We recently described results of panning experiments in which random peptide phage display libraries were applied directly to live human PMN (11). Panning lead to the discovery of several sets of novel PMN-binding peptide motifs. As displayed in pentameric form on phage particles, one of these peptide sequences, FGPNLTGRW (FGP), was shown to elicit an increase in the concentration of cytosolic calcium ([Ca²⁺]_i) in PMN. This response was abrogated by pretreatment with pertussis toxin and thus consistent with signaling via a G_i protein-coupled receptor, a feature common to most PMN chemotactic agents. FGP phage binding to PMN was specifically inhibited by a synthetic peptide containing GPNLTGRW. Yet FGP peptide bears no apparent primary amino acid sequence homology to a described protein or peptide based on searches of public databases.

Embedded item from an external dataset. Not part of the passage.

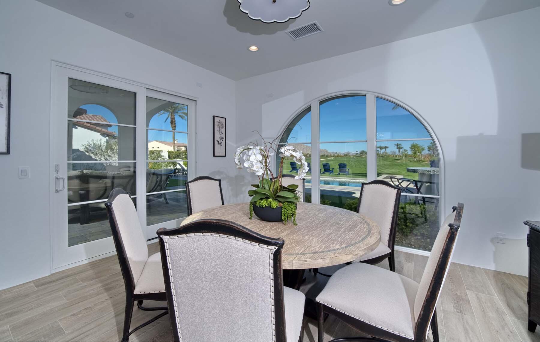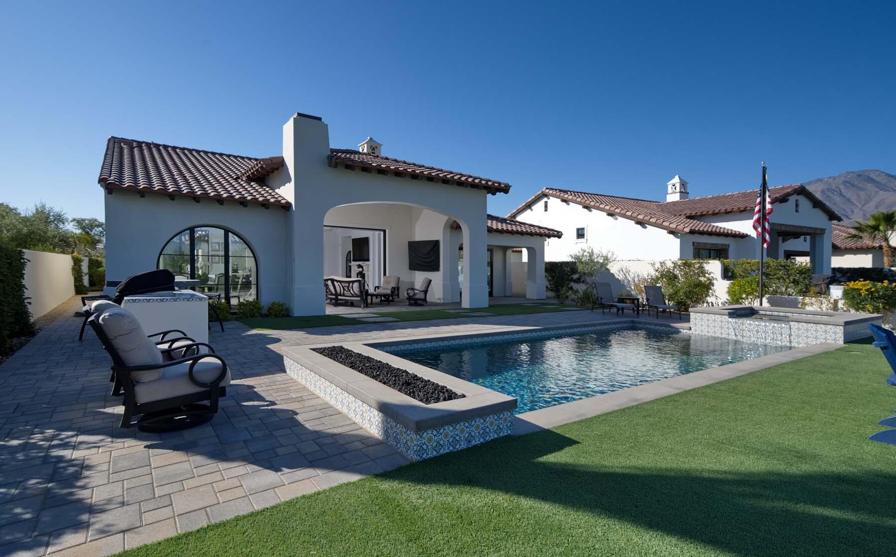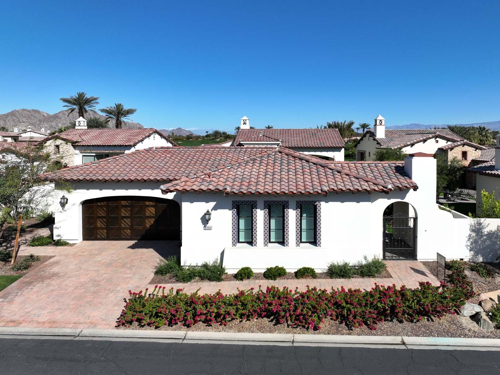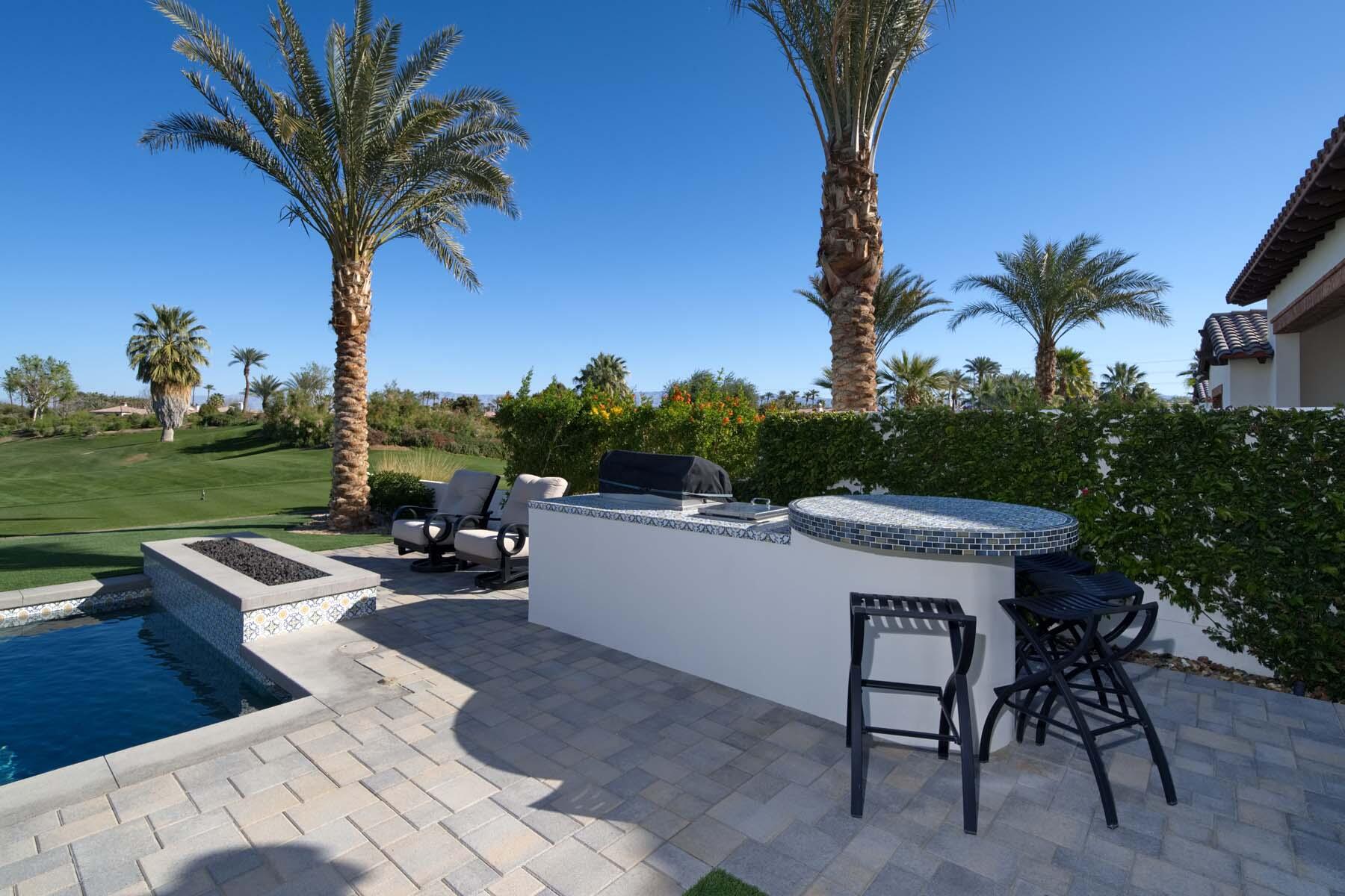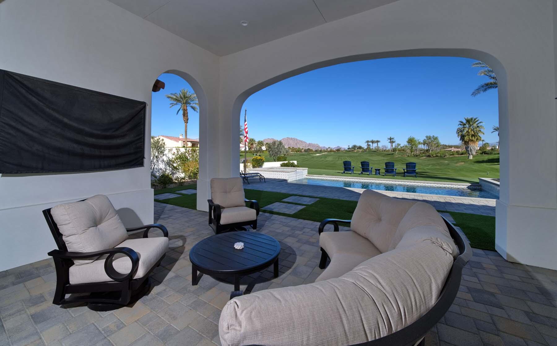 This highly upgraded Plan 322 at Andalusia Country Club offers 3,560 sq. ft. of exquisite desert living, perfectly positioned with stunning views down the 6th fairway and the Santa Rosa Mountains beyond. Impeccably furnished, this home combines luxury and comfort with every detail thoughtfully curated. The open-concept great room seamlessly flows into the gourmet kitchen, while a separate morning room provides an inviting space for casual dining, all opening to a private covered patio and expansive interior courtyard. Disappearing sliding glass doors enhance the home's airy feel and effortless transition between indoor and outdoor spaces. A wet bar with seating serves both the great room and patio, ideal for hosting gatherings. The master suite is a true retreat, featuring a freestanding tub, separate shower, and dual walk-in closets. A private casita with its own entrance offers the perfect space for guests or a home office. Throughout the home, you'll find high-end finishes, custom lighting, and a sophisticated design that creates an atmosphere of effortless elegance. The backyard is an entertainer's paradise, with a custom pool and spa offering a serene outdoor living experience. Blending modern design with desert charm, this home exemplifies the ultimate in luxury living. Turnkey furnished per inventory.Interested in this Listing?

Because of the importance of calcium and G protein-coupled receptor signaling in PMN function (12, 13) and the significance of PMN in disease, we undertook the current studies to better understand the biological significance of FGP. Here, we characterize FGP as a novel PMN chemotactic agent, elucidate the mechanism of calcium signaling, and demonstrate that this activity is independent of known G protein-coupled receptors found on PMN that mediate chemotaxis and that otherwise have properties expected of an FGP receptor.

	Materials and Methods

Top Abstract Introduction Materials and Methods Results Discussion References

 
Chemicals

Purchased reagents included fMLP, complement component C5a-des arg (C5a), and ATP, GTP, GDP, guanosine 5'-(-thio)triphosphate (GTPS; Sigma, St. Louis, MO), human rIL-8, stromal cell-derived factor-1 (SDF-1), RANTES, macrophage inflammatory protein 1 (MIP-1), monocyte chemoattractant protein (MCP-1; R&D systems, Minneapolis, MN), the competitive fMLP inhibitor, N-tert-butoxycarbonylmethionylleucylphenylalanine (Sigma), and [³⁵S]GTPS (NEN Life Sciences, Boston, MA).

Phage clone preparation

Selected phage clones for these experiments were propagated and concentrated as described previously (5, 14). Concentrations of stock phage suspensions in normal saline/HEPES buffer (NS/HEPES; 150 mM NaCl, 10 mM HEPES, pH 7.4) were determined by standard plaque counting assays (15). The amino acid sequences of the displayed peptides were confirmed for large-scale preparations by sequencing the coding nucleotides in the viral DNA as described (16).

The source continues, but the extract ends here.